Planetary Design Double-Wall Insulated Stainless Steel Tumbler
- Double-walled, vacuum-insulated stainless steel with a high-gloss baked enamel finish
- 12, 16, and 20-ounce capacity
- Top-shelf dishwasher safe
- Such a standard travel coffee mug we can’t even think of any jokes to put here
Quest for the Sparkling Chalice
It was the year 3015, and Fnark Woodwood could sense that he was close to striking yet another fortune. The world’s greatest archaeologist won riches and glory by unearthing and selling a particular kind of 21st-century ceremonial chalice. Constructed with double walls of stainless steel and coated in a colored enamel, the insulated vessels were believed to hold a heated solution of ground plant matter used in morning sun-worship rites. So ingeniously designed were they, and so few examples had been discovered thus far - only eight, six of them by Fnark - that each one was worth trillions of Ameros.

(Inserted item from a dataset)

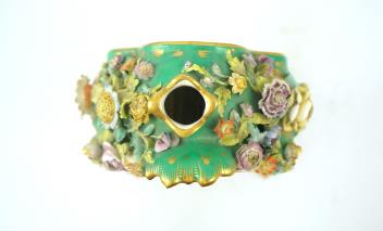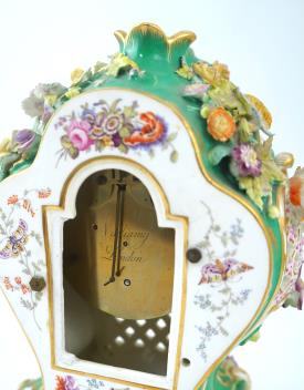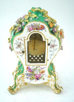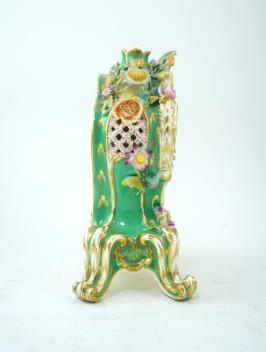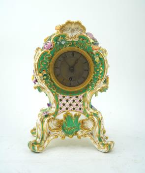Benjamin Louis Vulliamy, London, an early 19th century eight day English porcelain mantel timepiece, the single fusee movement with a gilded engine turned dial, with Roman numerals, the backplate signed Vulliamy, London, contained in a floral encrusted, green ground, gilt decorated cartouche shaped porcelain case, probably Coalport, 31.5cm high

Now Fnark was digging in an area of Republica del Norte once known as “the Metroplex”. It had been a major center in the extraction of both edible and combustible biological matter, and known for its “cowboys”, who engaged in ritual gladiatorial combat with an inflated animal skin. Here, on the outskirts, in the underground remains of a vast storehouse, Fnark had found shards of two different chalices. His sonar device indicated a large cavity just a few more feet down. He had every reason to believe it might contain another chalice.
His matter-evaporator ray sliced through one last layer of compacted, ancient garbage. The underground cavity was open enough for him to squeeze through. Fnark gently lowered himself to the bottom of the manmade grotto with his hoverboots, and his light found it immediately: glinting green and silver, still standing on a shelf. An insulated ceremonial chalice!
He popped off the top and saw that it still had liquid inside - still steaming hot after a thousand years! What astonishing powers of insulation! Or maybe that was the ambient radiation.
Then his hoverboot bumped something with a hollow thunk. Fnark looked down and saw another identical chalice on the ground. Two chalices in a single dig! This was an unprecedented triumph! You’ve done it again, Woodwood, he smugly told himself, anticipating another official tribute bacchanal aboard Lord High Trump XXXIV’s pleasure satellite. That guy knew how to party.
He put the both chalices in his tactical fanny pack and gave the room one more sweep of his light as he started to hoverboot back to the surface. Unbelievably, another chalice sat on a shelf. Then he spotted another. And another. And then dozens more. Hundreds, in three different sizes and a variety of colors. One entire shelf, perhaps fifteen astrocubits long, filled with glistening ceremonial chalices.
This changes everything, Woodwood thought. Our understanding of the past. The rarity value of the chalices. Everything. It’s the most significant discovery of our age. He knew what he must do.
As he soared out of the cavity opening and into the air, the underground charges he had set exploded. The ancient storehouse caved in, burying the horde of chalices forever. Or at least long enough for Woodwood to sell the two chalices he kept.